Earth’s ionosphere is increasingly recognized as a region of space that directly impacts the development and use of space assets for modern society. For example, changing conditions in the ionosphere can adversely affect radio communications and space-based navigation systems like the Global Positioning System (GPS). Monitoring the state of the ionosphere requires space-based instrumentation and preferably a fleet of spacecraft with identical instrumentation. CubeSats provide the capability to launch many identical platforms at a reasonable total cost, but they require miniaturized science instruments to fit within the limited size, weight, and power (SWAP) constraints.

Diagram of a non-sequential ray
A full non-sequential ray trace was used to validate the internal baffle and optics layout prior to metal fabrication.

To address these challenges, NASA is sponsoring the Compact Multi-Spectral Photometer for Space Science (COMPASS) project to develop a low-SWAP, high-sensitivity instrument capable of monitoring the composition and variability of Earth’s ionosphere and other planetary atmospheres. In collaboration with industrial partners, the team is optimizing the multilayer coating of the reflective mirrors that will enable measurements at the target far ultraviolet wavelengths (135.6 and 170 nm) and at the same time achieve good suppression at other surrounding wavelengths that would make the quantitative analysis of measurement results difficult or even impossible.

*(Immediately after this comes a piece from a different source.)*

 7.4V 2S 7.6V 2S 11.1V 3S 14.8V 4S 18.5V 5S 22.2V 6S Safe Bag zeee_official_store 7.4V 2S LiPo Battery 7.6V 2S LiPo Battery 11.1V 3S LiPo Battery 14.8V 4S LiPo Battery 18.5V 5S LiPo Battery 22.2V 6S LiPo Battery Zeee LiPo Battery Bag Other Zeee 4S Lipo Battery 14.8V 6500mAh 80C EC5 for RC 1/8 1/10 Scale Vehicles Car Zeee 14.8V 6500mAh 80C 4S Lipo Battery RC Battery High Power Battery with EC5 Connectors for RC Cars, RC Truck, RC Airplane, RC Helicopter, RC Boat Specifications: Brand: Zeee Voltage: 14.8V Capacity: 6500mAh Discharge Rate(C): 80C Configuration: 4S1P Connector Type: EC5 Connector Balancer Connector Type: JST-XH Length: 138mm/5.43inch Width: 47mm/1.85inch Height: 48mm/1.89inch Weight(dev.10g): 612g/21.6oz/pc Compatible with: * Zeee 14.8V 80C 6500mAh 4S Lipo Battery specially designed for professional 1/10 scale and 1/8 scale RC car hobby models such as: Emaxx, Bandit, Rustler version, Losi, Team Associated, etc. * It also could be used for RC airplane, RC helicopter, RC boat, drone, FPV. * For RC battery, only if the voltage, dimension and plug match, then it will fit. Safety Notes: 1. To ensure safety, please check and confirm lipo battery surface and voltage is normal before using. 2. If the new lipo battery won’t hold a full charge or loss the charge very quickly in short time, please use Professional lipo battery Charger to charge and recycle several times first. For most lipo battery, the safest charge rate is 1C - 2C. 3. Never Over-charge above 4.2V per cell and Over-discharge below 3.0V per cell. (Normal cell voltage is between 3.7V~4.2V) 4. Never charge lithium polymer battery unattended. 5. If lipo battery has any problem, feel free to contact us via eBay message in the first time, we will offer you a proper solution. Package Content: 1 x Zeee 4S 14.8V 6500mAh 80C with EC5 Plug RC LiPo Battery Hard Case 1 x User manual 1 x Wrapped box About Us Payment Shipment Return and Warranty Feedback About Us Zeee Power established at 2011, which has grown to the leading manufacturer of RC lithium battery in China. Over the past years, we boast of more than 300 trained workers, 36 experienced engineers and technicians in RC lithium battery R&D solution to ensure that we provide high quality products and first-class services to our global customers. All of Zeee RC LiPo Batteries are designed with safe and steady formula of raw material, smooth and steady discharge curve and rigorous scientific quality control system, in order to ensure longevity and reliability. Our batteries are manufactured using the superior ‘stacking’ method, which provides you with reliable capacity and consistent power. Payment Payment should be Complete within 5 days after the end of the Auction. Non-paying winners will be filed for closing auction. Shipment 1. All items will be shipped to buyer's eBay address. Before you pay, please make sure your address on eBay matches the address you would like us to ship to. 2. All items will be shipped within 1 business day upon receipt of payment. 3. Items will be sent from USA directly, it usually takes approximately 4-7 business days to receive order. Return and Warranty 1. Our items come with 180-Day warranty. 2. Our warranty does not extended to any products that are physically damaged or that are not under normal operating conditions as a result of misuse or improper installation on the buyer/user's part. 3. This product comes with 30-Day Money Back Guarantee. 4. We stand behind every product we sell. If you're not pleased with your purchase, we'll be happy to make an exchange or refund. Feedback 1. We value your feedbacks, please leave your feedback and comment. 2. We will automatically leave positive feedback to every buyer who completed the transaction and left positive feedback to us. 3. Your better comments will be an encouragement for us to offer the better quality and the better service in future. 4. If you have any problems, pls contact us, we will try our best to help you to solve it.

NASA Explorer-class missions like the Thermosphere, Ionosphere, Mesosphere, Energetics and Dynamics (TIMED) mission and the upcoming Ionospheric Connection Explorer (ICON) have implemented large ionosphere-targeting vacuum ultraviolet (VUV) spectrographs. These large and costly spectrographs have provided and continue to provide pioneering measurements of ionospheric variability in response to solar influences. The COMPASS development addresses the recommendation in the National Academies’ Decadal Survey for “small space missions” to diversify space physics research by enabling VUV research on CubeSat-scale vehicles.

COMPASS is a narrowband VUV photometer with 20 times the sensitivity of larger multi-pixel spectrographs and will complement Explorer mission VUV sensing through contemporaneous coverage of key atomic oxygen (130.4 and 135.6-nm) and molecular nitrogen Lyman-Birge-Hopfield (LBH) band emission features. A low-resource, flight-ready VUV photometer, COMPASS enables global, multi-point, and trans-hemispheric constellation missions and is capable of supporting dayside, auroral zone, and nightside measurements at modest spatial resolution. COMPASS narrowband photometry will also enable the low-bandwidth, CubeSat-based, atmospheric sensing envisioned for interplanetary missions targeting hydrogen, oxygen, and nitrogen emissions throughout our solar system.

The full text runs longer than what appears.